William Schertzer
Advisor: Prof. Rampi Ramprasad
will propose a doctoral thesis entitled,
AI-Guided Investigation of Polymers for The Design of Robust Anion Exchange Membrane Fuel Cells
On
Thursday, Nov. 20, 2025
10 am - 12 pm
In
MRDC Room 3515
or
virtually via Teams:
Committee:
Prof. Rampi Ramprasad- School of Materials Science and Engineering (advisor)

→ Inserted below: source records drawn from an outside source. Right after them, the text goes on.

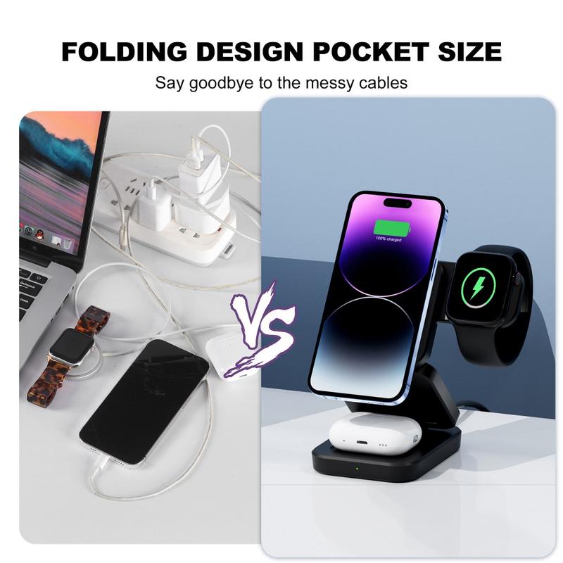 • A390 3-in-1 Magnetisches kabelloses Ladegerät - 15W Schnellladung & klappbare Halterung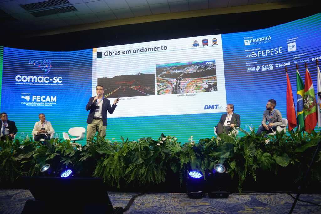 Logo pela manhã, o painel "Rodovias, infraestrutura e diagnóstico" reuniu o superintendente regional do DNIT, Alysson de Andrade e o presidente da Fiesc, Mário César de Aguiar, o secretário adjunto de Infraestrutura, Ricardo Grando, e o secretario executivo da Fetrancesc, Renato Macedo, com mediação do prefeito de Ascurra, Arão Josino.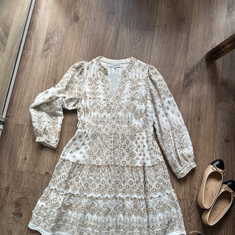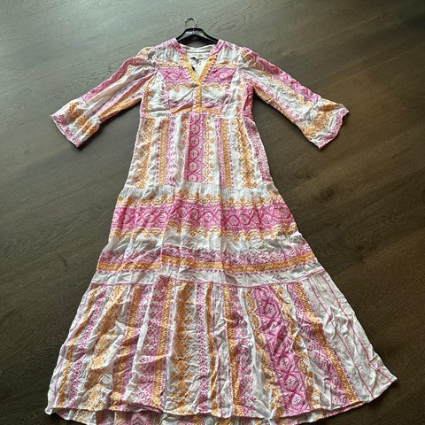Nydelig lang sommerkjole fra hale bob🌸🌺offwhite i bunn med vakre sommerfugler i rosa toner. Den er foret og har en splitt foran på kjolen som vist på bilde. Lange armer med strikk og snøring nederst så den kan man lett ta opp på armen.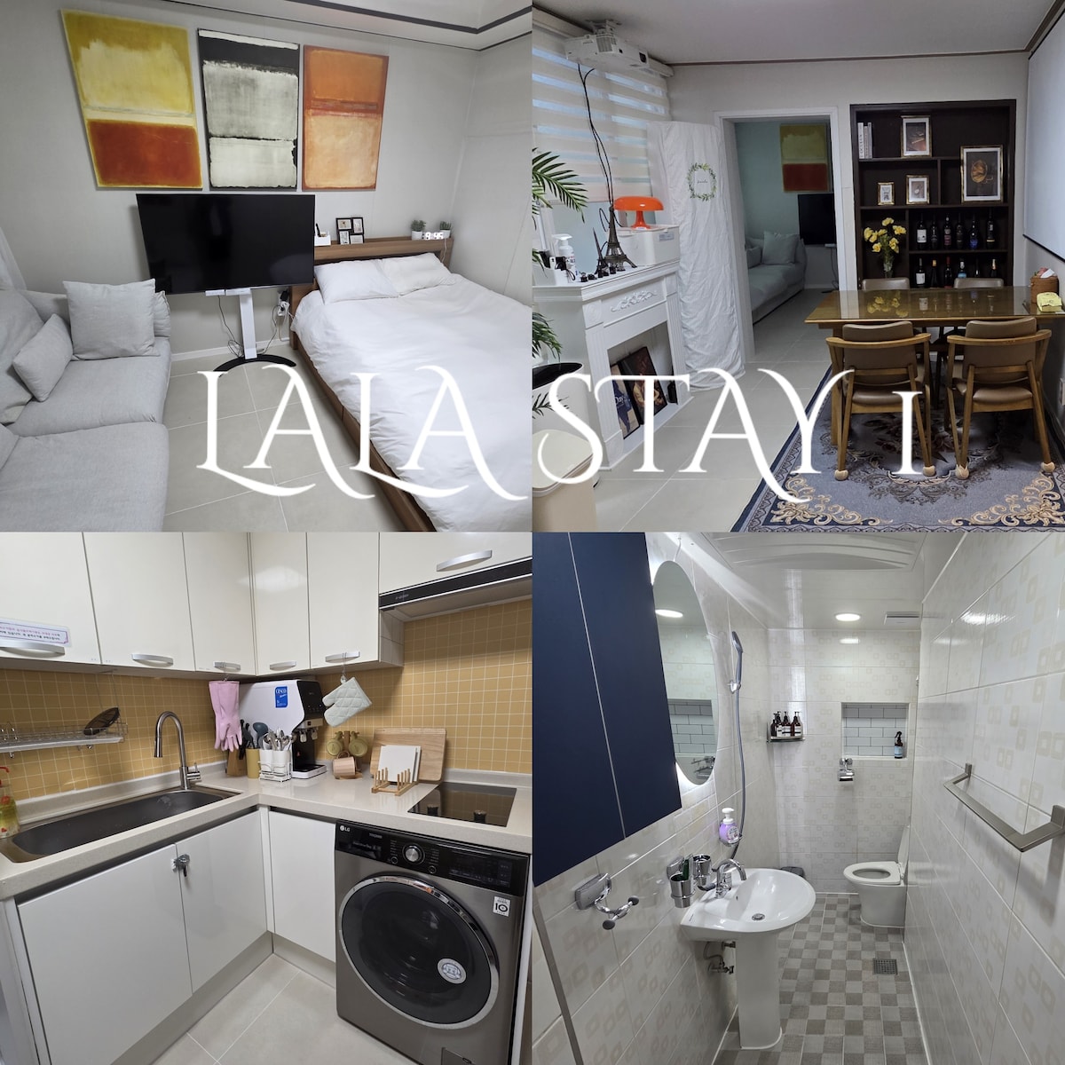 Bună.👋 Lala Stay 1 este situat în Gwangcheon-dong, centrul orașului Gwangju. Gwangcheon-dong se află la 10 minute de mers pe jos de terminalul de autobuz U Square🚌, 🏢magazinul universal Shinsegae, 🏪E-Mart și 🏟stadionul de baseball Champions Field. Larastei este o casă cu două etaje, iar primul și al doilea etaj sunt folosite ca spații de cazare separate. Printre acestea, Larastei 1 este la etajul 1 și există 3 camere și 3 paturi matrimoniale, astfel încât să poți avea intimitate. În plus, podeaua este placată cu gresie, astfel încât să poată fi utilizată confortabil. În plus, sunt oferite fotolii de masaj💺, articole de toaletă💄, proiectoare cu fascicul📽, bucătării frumoase🍽, canapele spațioase, console de jocuri🎮 și jocuri de societate🎲 pentru o ședere plăcută. 🍖🍺Curtea nu este mare, dar există mese și scaune pentru 6 persoane pentru a avea o petrecere la grătar, deci este perfect pentru a te distra și a te simți bine. Mulțumesc.
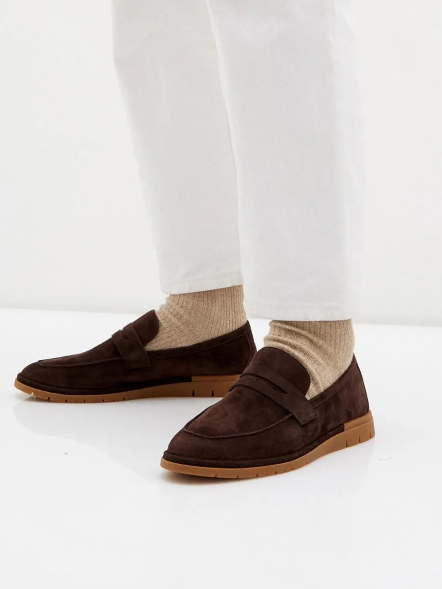 Лоферы женские всесезонные, цвет коричневый, натуральный велюр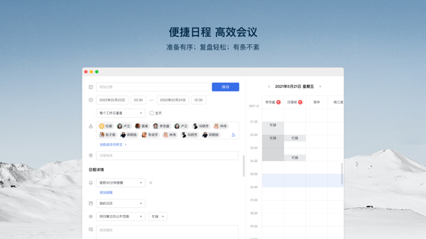 高效日程会议管理,智能日历支持忙闲订阅、一键预定会议,会后 AI 自动生成思维导图式复盘报告,任务分配跟进更便捷。

Prof. Ryan P. Lively- School of Chemical and Biomolecular Engineering
Prof. Chao Zhang- School of Computational Science and Engineering
Prof. Scott Danielsen- School of Materials Science and Engineering
Prof. Guoxiang (Emma) Hu- School of Materials Science and Engineering
Abstract: As the global demand for sustainable energy continues to rise, polymer-based anion exchange membranes (AEMs) have emerged as a promising platform for next-generation fuel cells that operate under alkaline conditions. However, the development of high-performance and durable AEMs is hindered by the vast design space of possible chemistries, the trade-offs among key transport and mechanical properties, and the scarcity of high-quality, structured experimental data. This thesis aims to accelerate the discovery, understanding, and lifetime prediction of AEM materials through a data-driven framework that integrates machine learning, physics-based modeling, and automated knowledge extraction from the scientific literature. The first part of this work establishes a computational pipeline for novel AEM copolymer design, where predictive models trained on curated literature data identify fluorine-free candidates with optimal combinations of hydroxide conductivity, water uptake, and swelling ratio. The second part introduces a physics-enforced neural network (PENN) that learns universal degradation behavior across diverse AEM chemistries and operating conditions, enabling the forecasting of long-term conductivity decay (up to 10,000 h) from minimal early-time data. The final part of the thesis leverages optical character recognition, computer vision, large language models, and heuristics to automate the extraction of complex, context-rich data from figures, schematics, tables, and text within AEM literature. Together, these efforts will create a closed-loop platform for polymer discovery and degradation modeling, transforming how experimental knowledge is captured and applied to accelerate the design of sustainable, high-performance materials for clean energy technologies.